Verán, hace unas noches
me lo topé a la salida del teatro —yo ni siquiera lo reconocí— y él, muy
contento de verme, me invitó por un trago a un bar cercano y allí me habló
sobre lo que había hecho desde que nos perdimos la pista: luego de desperdiciar
un par de años en viajes y fiestas, enderezó el rumbo, consiguió entrar a la
facultad de medicina de la UNAM, se graduó como uno de los mejores de su clase
y para aquel entonces ejercía como pediatra en un hospital de la Ciudad de
México. Para ser franco, eso me sorprendió bastante. Más tarde, cuando ya
teníamos unas ocho cervezas encima, los dos nos quedamos callados un rato y se
me ocurrió romper el silencio con aquel incidente del Pokémon durante el examen
de inglés, seguro de que a esas alturas de nuestras vidas los dos lo tomaríamos
como un recuerdo gracioso. Pero para él no lo fue: se puso muy serio y sentenció
que, si bien todo mundo se burló de él en la preparatoria por llevar el
registro de esas criaturas que veía por el campus, la llegada de Pokémon Go le daría la razón, pues tarde
o temprano los jugadores encontrarían y revelarían al mundo esos Pokémon sobre
los que él advirtiera.

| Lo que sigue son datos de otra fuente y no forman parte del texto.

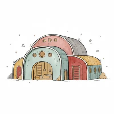 Buntes, verspieltes Gebäude mit runden Formen und verschiedenen Räumen, im Cartoon-Stil gezeichnet.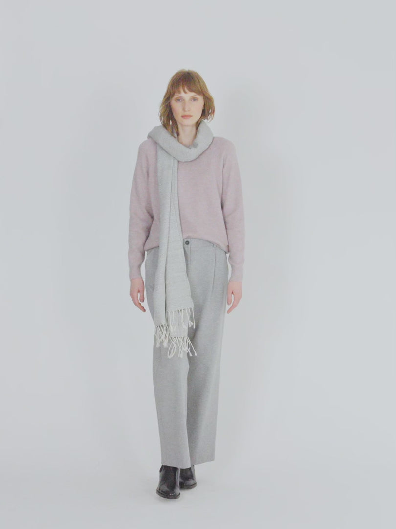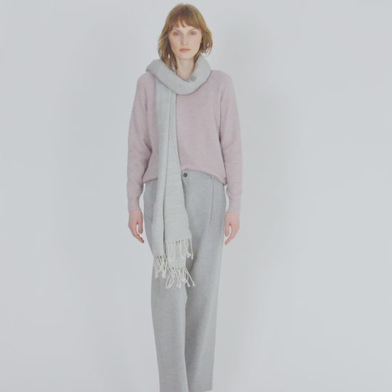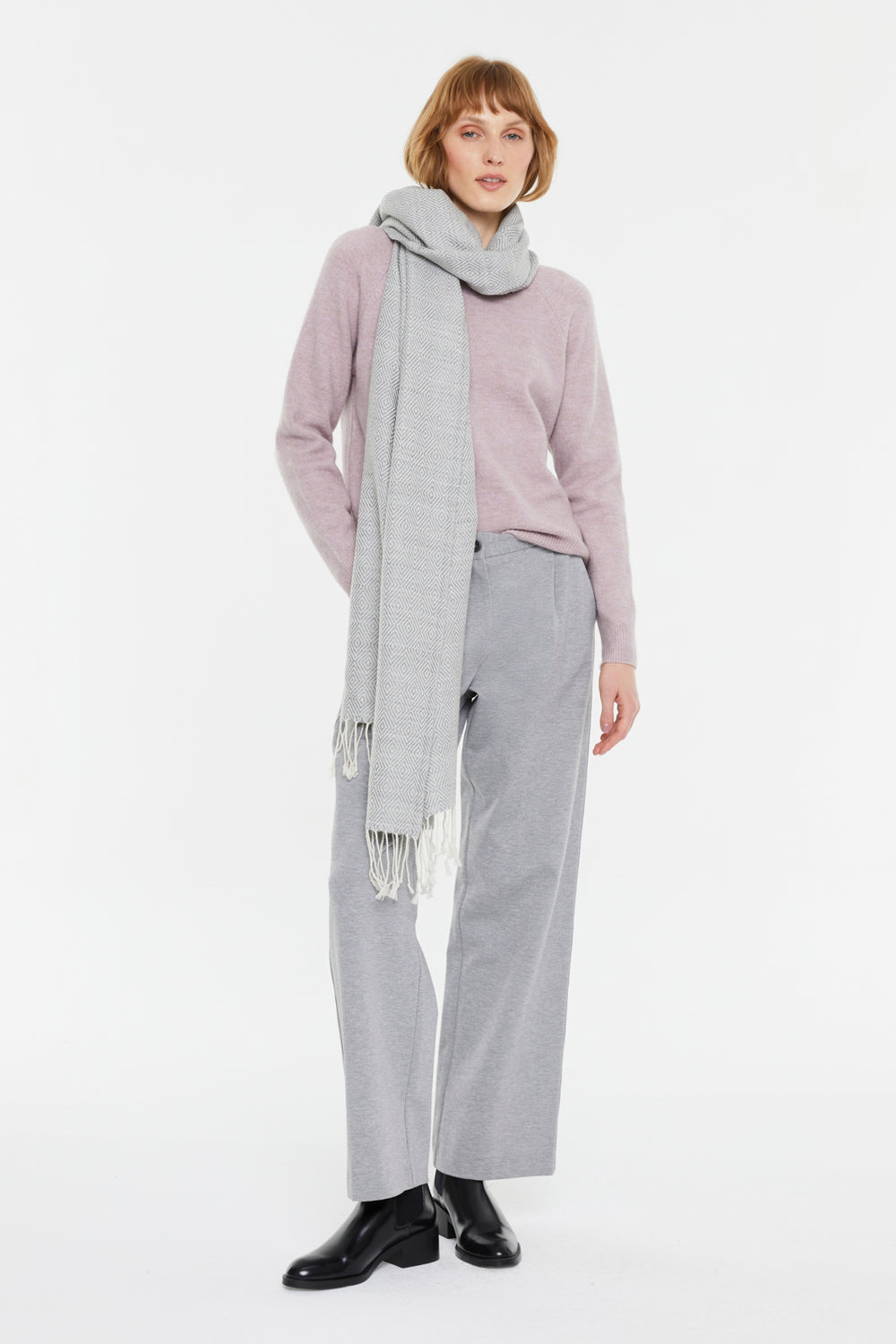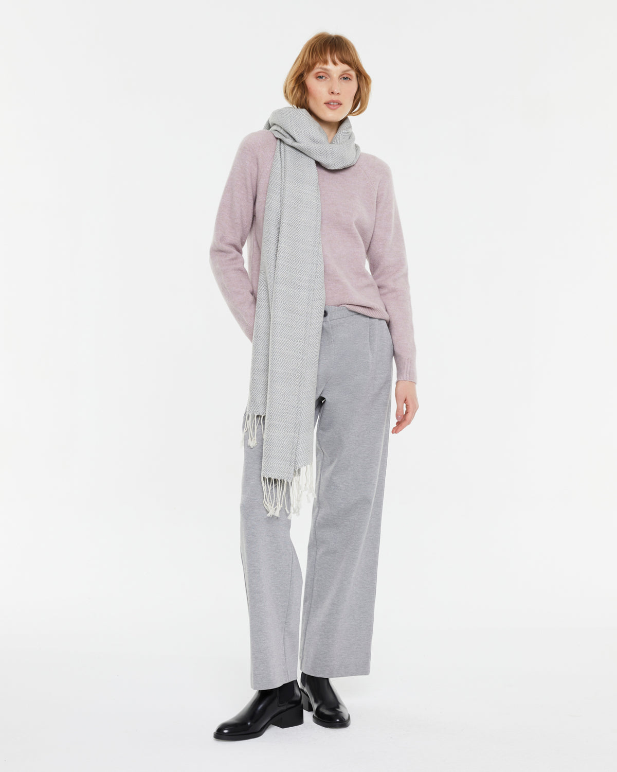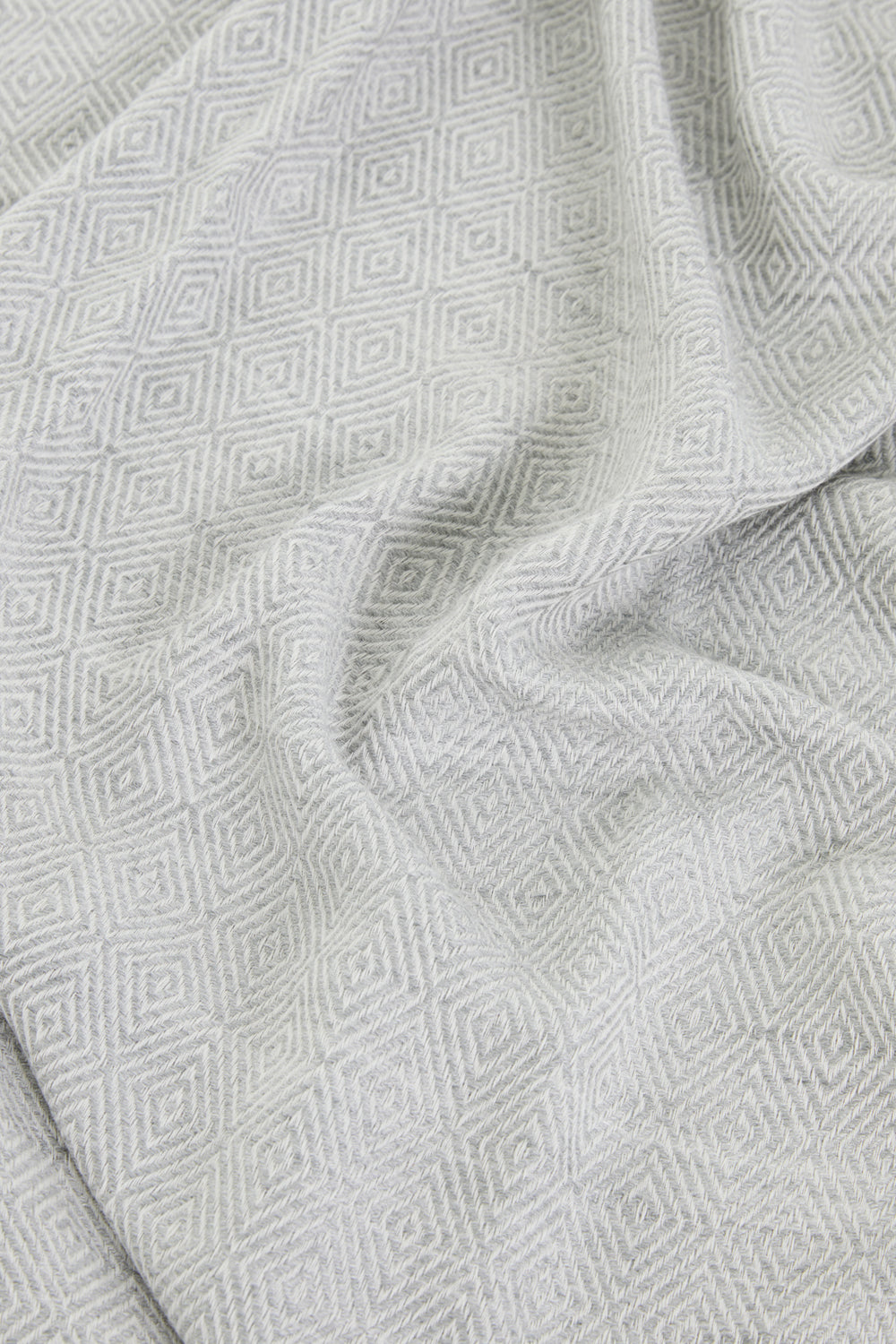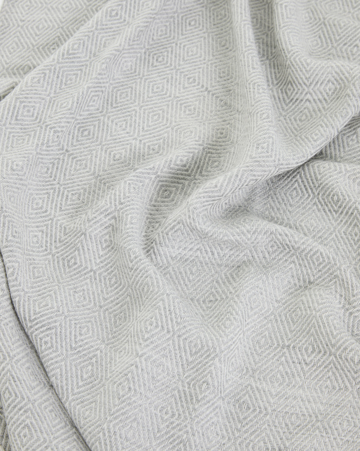 Fulard de jaquard con forma geométrica y acabado bajos con flecos.

Yo no entendí cómo sucedería aquello ni lo quise saber;
al percatarme, por su tono, que había sido imprudente llevar la conversación
hacia aquellos años cambié el tema de inmediato y menos de media hora después
pedí la cuenta, incómodo. Cuando nos despedimos, él dijo que sería bueno
sentarnos a charlar de nueva cuenta, y aunque yo dije que sí la verdad es que nada
he hecho para contactarlo. Ahora, si bien yo no descargué Pokémon Go por temor a lo que éste pudiera hacer a mi productividad
—y consciente estoy de lo aburrido que se lee eso— y tenía la certeza de que no
había en el catálogo de estos personajes alguno que contara chistes o desapareciera
el agua del retrete, opté por consultar al señor Pereira, quien es mucho más
versado en el tema que yo, sólo para estar seguro. Busqué el dibujo que Moisés
hiciera en mi cuaderno todos esos años atrás y se lo mostré a mi amigo sin
decirle qué era y sin darle detalles sobre su origen. Al verlo, de inmediato me preguntó, con auténtica sorpresa:
—¿Quién es ese Pokémon?
Y yo no pude sino tragar saliva y asegurarle que no querría saberlo.